--- RECORDED INFORMATION ---

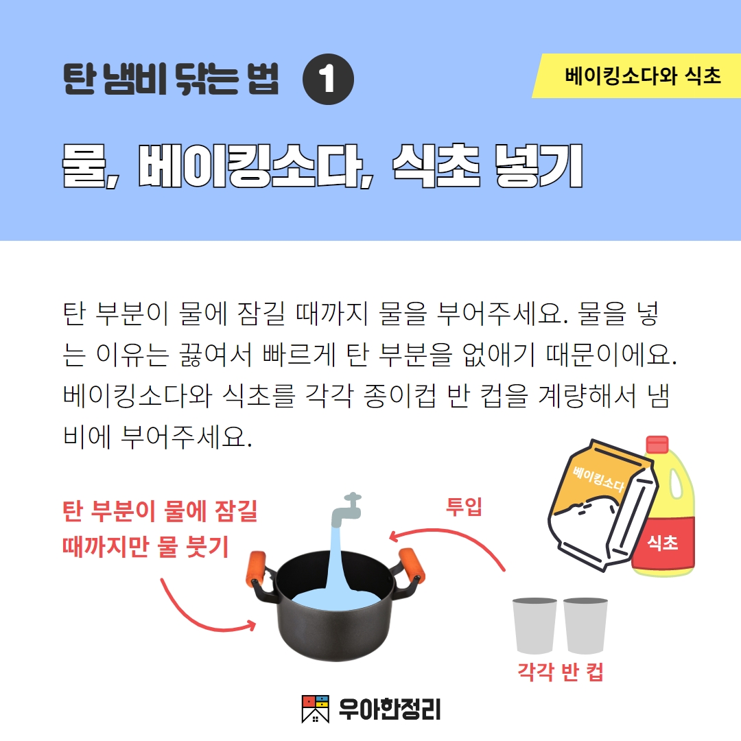 베이킹소다와 식초로 탄 냄비 닦는 법 깨끗하게 세척해보세요! : 우아한정리 - 생활꿀팁 저장소
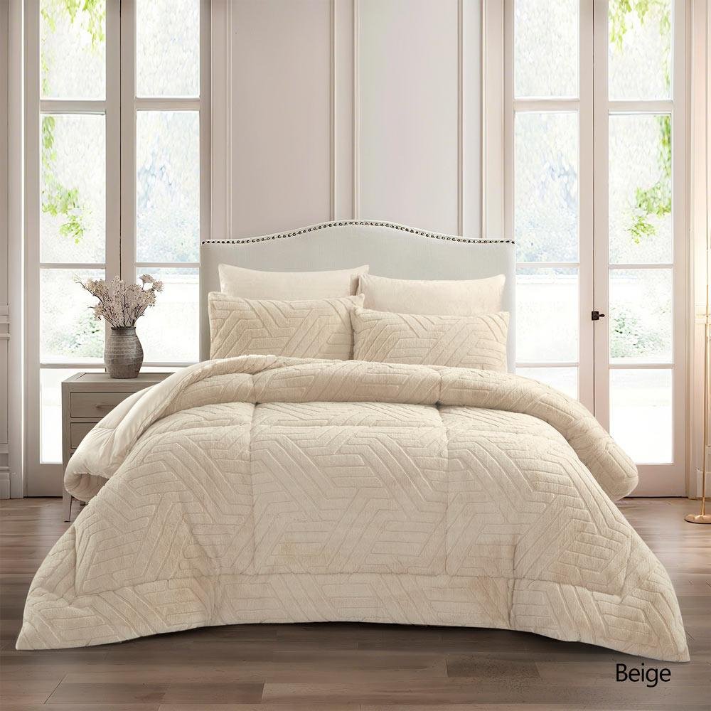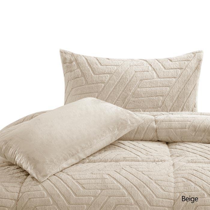 طقم لحاف شتوي بيج مخمل – RUBIK
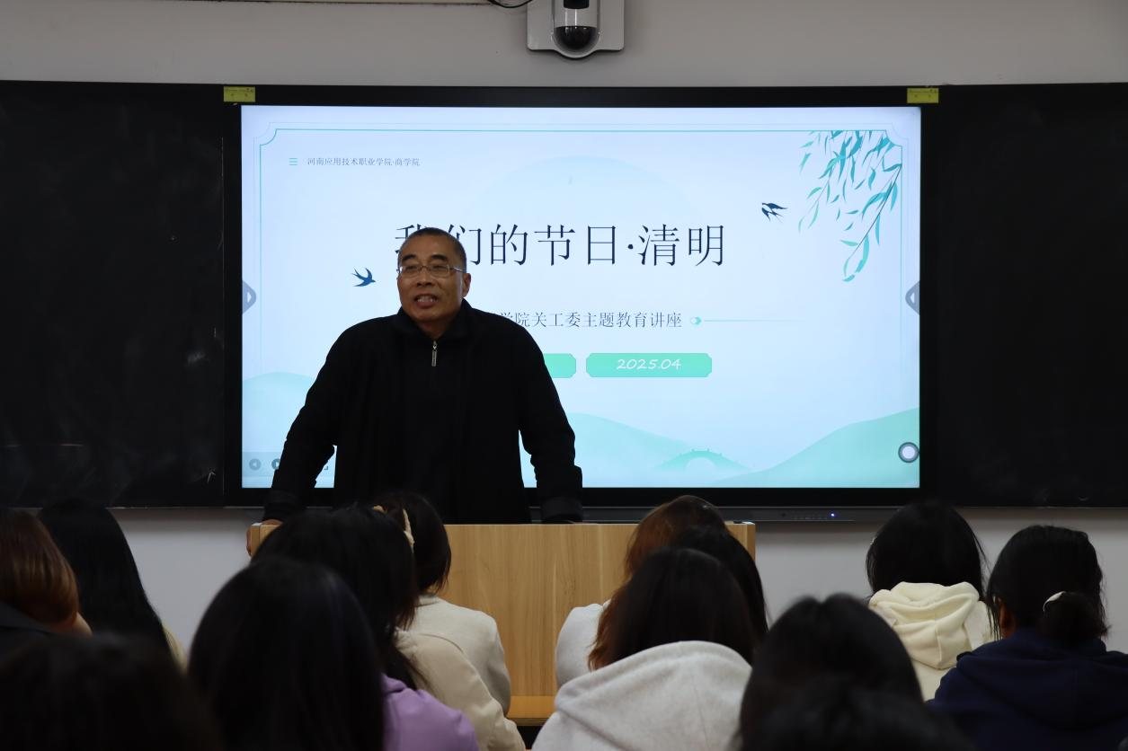在清明节来临之际,为弘扬中华优秀传统文化,增强学生对传统节日的认同感,4月1日,国产又猛又黄又爽的视频关工委组织召开“我们的节日·清明”主题教育讲座。我校退休教师邵金治受邀主讲,国产又猛又黄又爽的视频部分师生代表参加此次活动。

---

▶ **TASK ITEM**
No picture should be included when the data are set down again exactly.

▶ **RESPONSE TO THIS TASK**
 베이킹소다와 식초로 탄 냄비 닦는 법 깨끗하게 세척해보세요! : 우아한정리 - 생활꿀팁 저장소
 طقم لحاف شتوي بيج مخمل – RUBIK
在清明节来临之际,为弘扬中华优秀传统文化,增强学生对传统节日的认同感,4月1日,国产又猛又黄又爽的视频关工委组织召开“我们的节日·清明”主题教育讲座。我校退休教师邵金治受邀主讲,国产又猛又黄又爽的视频部分师生代表参加此次活动。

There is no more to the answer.